- _Records drawn from a dataset_
- - - - - - -

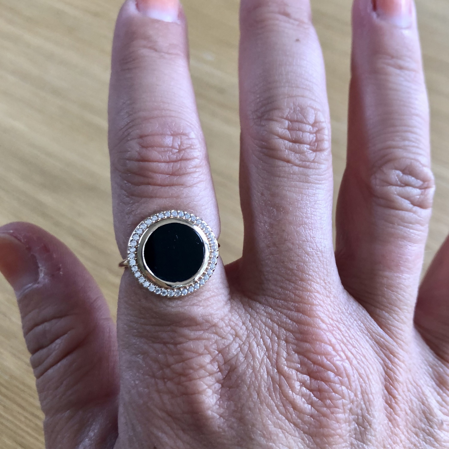 Description Bague de forme ronde en plaqué or jaune 18 carats surmontées d'une pierre de couleur noire de forme ronde lisse entourée d'oxydes de zirconium blancs. Largeur 16 mm Matière(s) Pierre naturelle , Plaqué or , Zirconium . Nos bijoux en plaqué or sont faits sur une base de laiton et recouverts d'or 18 carats à 3 microns sans dispersion. Cela signifie que nous garantissons 3 microns d'or sur n'importe quelle partie du bijou. Sur la plupart de nos bijoux empierrés, nous montons à 5 microns d'or 18 carats. Pour finir, nous faisons également une finition avec de l'or 24 carats afin de donner un plus bel éclat à nos bijoux. Couleur(s) dominante(s) Doré , Noir Public Adolescent , Adulte . Genre Femme , Fille . Saison Indémodable . Cliquez sur une matière, un thème, une couleur ou une collection pour voir tous les articles associés.
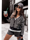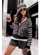 Svetr BREEZY je skvělou volbou na podzim! Má dlouhý rukáv a delší střih, což zaručuje výjimečné pohodlí při nošení. Jeho nadčasové pruhy dodávají stylizaci charakter, a výstřih do V zvýrazňuje krk. Dodatečně, svetr je zapínán na stylové knoflíky, což mu dodává eleganci. To je ideální volba na chladnější podzimní dny.
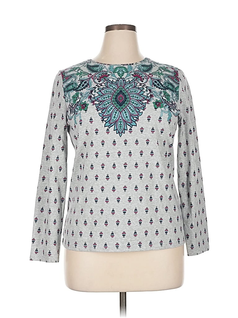 Talbots Pullover Sweater, Size: X-Large. Item Details: Silver, Paisley Pattern, Keyhole Neckline, 3/4 Sleeve, Beaded, Women's Tops, Cotton/Spandex
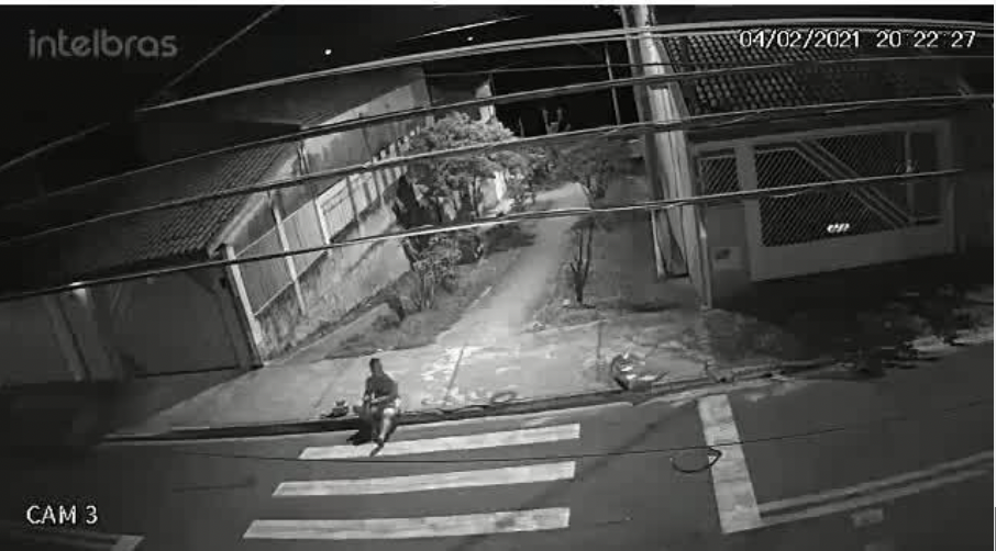 A câmera de segurança registrou o momento em que a dupla aborda a pedestre. Na calçada, a vítima ergue as mãos após o anúncio do assalto e ouve do garupa a fala para entregar o celular.
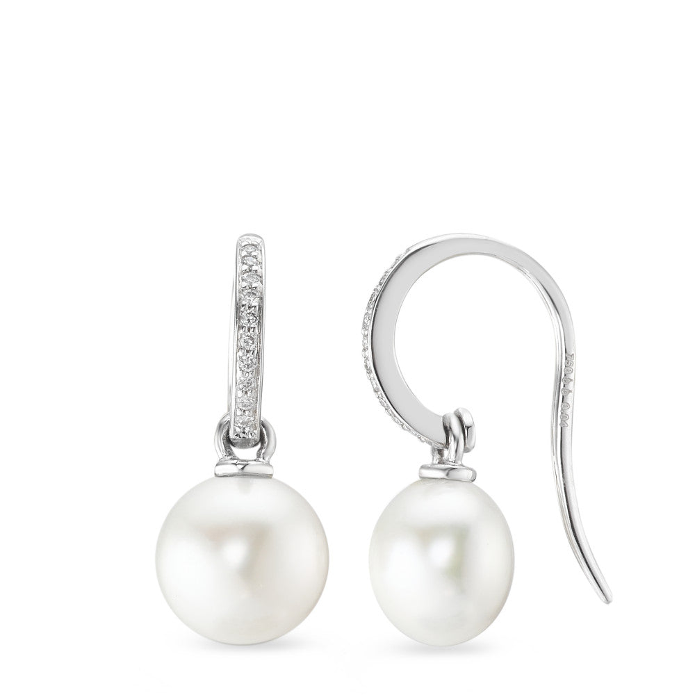 Pendant d'oreilles Or blanc 18K Diamant blanc, 0.08 ct, 20 Pierres, brillant, w-si perle d'eau douce, 20 Perles, 8.5 mm
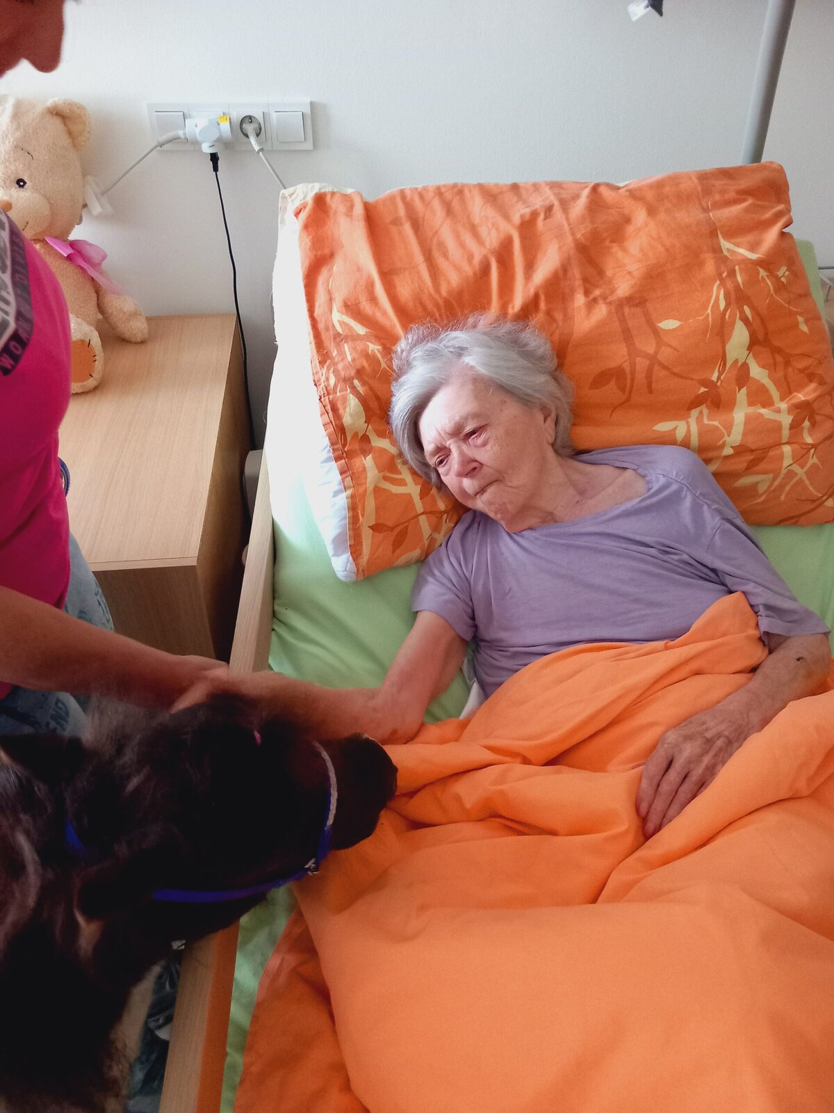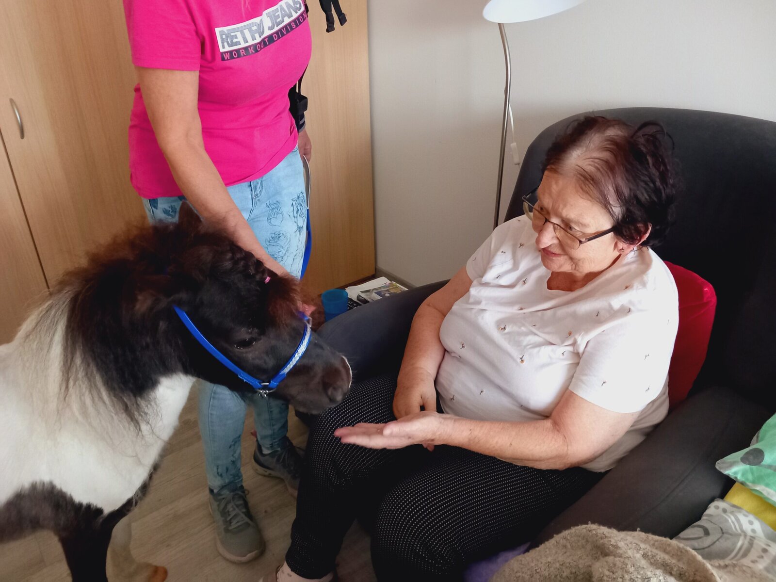 Jeho přítomnost vykouzlila úsměv na tvářích našich klientů i personálu. Společně jsme si užili krásné chvíle plné radosti, doteků a smíchu. Zvířecí terapie má u nás své pevné místo a jsme rádi, že se k nám Žolík pravidelně vrací.
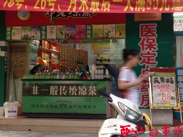 市區(qū)銀湖南路一家連鎖藥店旁邊開設(shè)的一間涼茶店靠近人行道,不少市民路過也會買上一杯涼茶。(凡凡/攝)
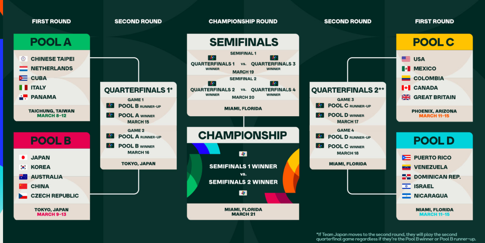 Pool B 1위 : Pool A 2위 -> 도쿄돔 Pool D 1위 : Pool C 2위 -> 마이애미 론디포 파크
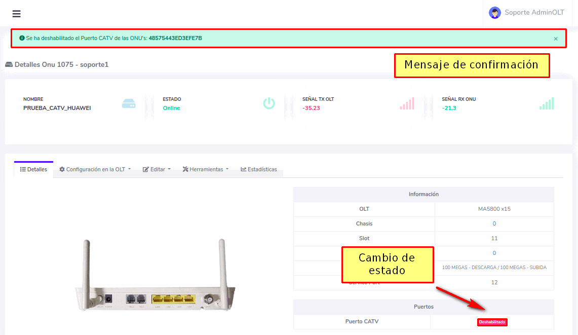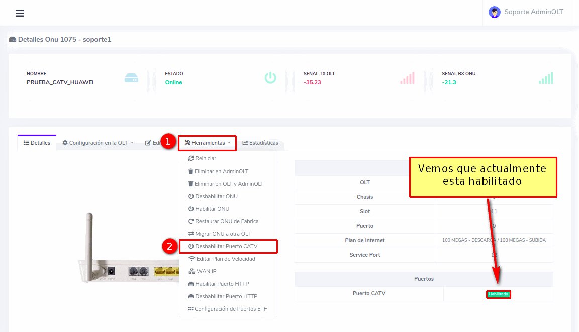Desde AdminOLT se puede habilitar o deshabilitar el puerto CATV de las ONU's. Para esto puede seguir los siguientes pasos
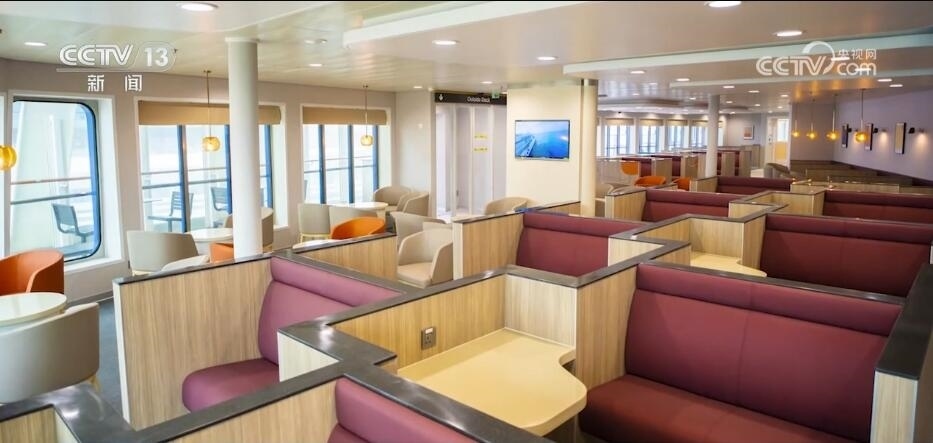 中國船舶廣船國際客滾船大項目經(jīng)理 李會倫:這艘船采用雙頭設計,進出港不用調(diào)頭,船員可分別在兩個駕駛室駕駛這艘船,因此可以節(jié)省大量進出港時間。船上共配備了1160塊大容量電池,電池裝船容量達到8.8兆瓦時,相當于150輛電動汽車的電池容量之和,可在近海航行時采用全電力推進,實現(xiàn)零排放。
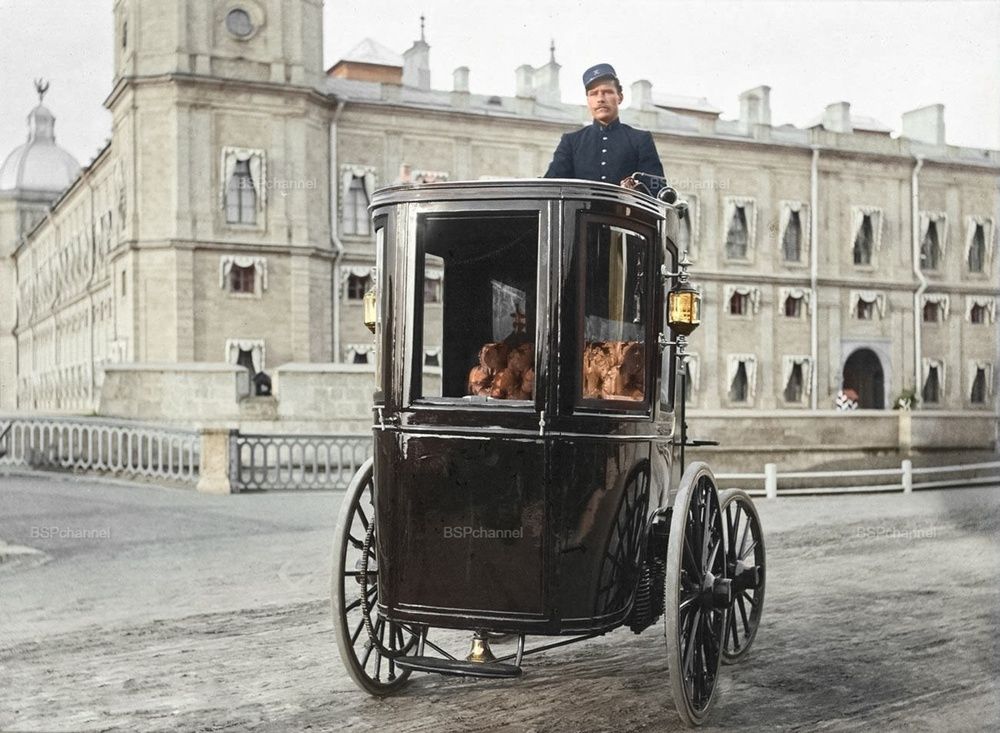 Второй электрокэб конструкции И.В. Романова с закрытым кузовом купе. Гатчина, 1900 год.
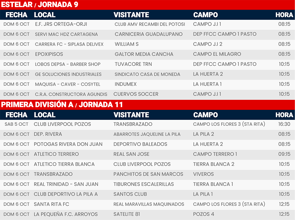 Rol de juegos Jornada 9, 11 y 17 Liga Tangamanga C2024
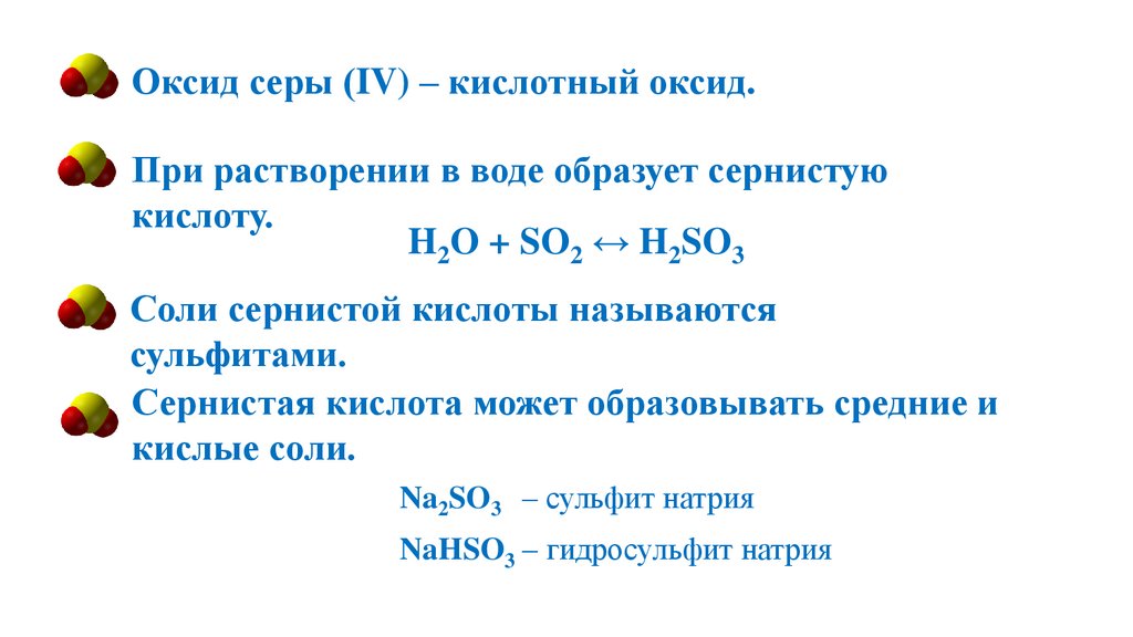 Оксид серы (IV) – кислотный оксид.При растворении в воде образует сернистую
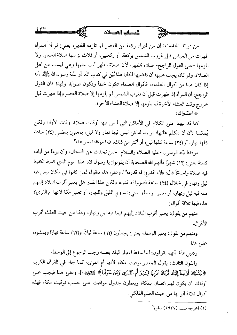 كنا قد نبهنا على الكلام في الأماكن التي ليس فيها أوقات صلاة, وفات الأوان ولكن يمكننا لآن أن نتكلم عليها, توجد أماكن ليس فيها نهار ولا ليل, بمعنى: يمضي (24) ساعة كلها نهار, أو (24) ساعة كلها ليل, أو أكثر من ذلك, فما موقفنا نحو هذا؟
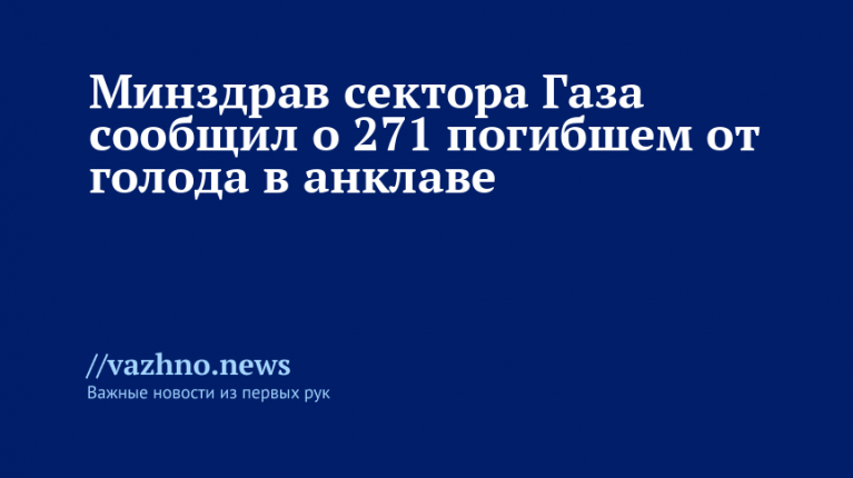 «В медицинских учреждениях сектора Газа за последние 24 часа зарегистрированы две смерти от голода и недоедания, что довело общее количество погибших до 271, включая 112 детей», — сообщается на Telegram-канале ведомства.

- - - - - - -

Nothing but the lines from the one holding "Второй электрокэб конструкции" to the end of the entries above should be echoed, exactly and with both ends included; omit the pictures.

 Второй электрокэб конструкции И.В. Романова с закрытым кузовом купе. Гатчина, 1900 год.
 Rol de juegos Jornada 9, 11 y 17 Liga Tangamanga C2024
 Оксид серы (IV) – кислотный оксид.При растворении в воде образует сернистую
 كنا قد نبهنا على الكلام في الأماكن التي ليس فيها أوقات صلاة, وفات الأوان ولكن يمكننا لآن أن نتكلم عليها, توجد أماكن ليس فيها نهار ولا ليل, بمعنى: يمضي (24) ساعة كلها نهار, أو (24) ساعة كلها ليل, أو أكثر من ذلك, فما موقفنا نحو هذا؟
 «В медицинских учреждениях сектора Газа за последние 24 часа зарегистрированы две смерти от голода и недоедания, что довело общее количество погибших до 271, включая 112 детей», — сообщается на Telegram-канале ведомства.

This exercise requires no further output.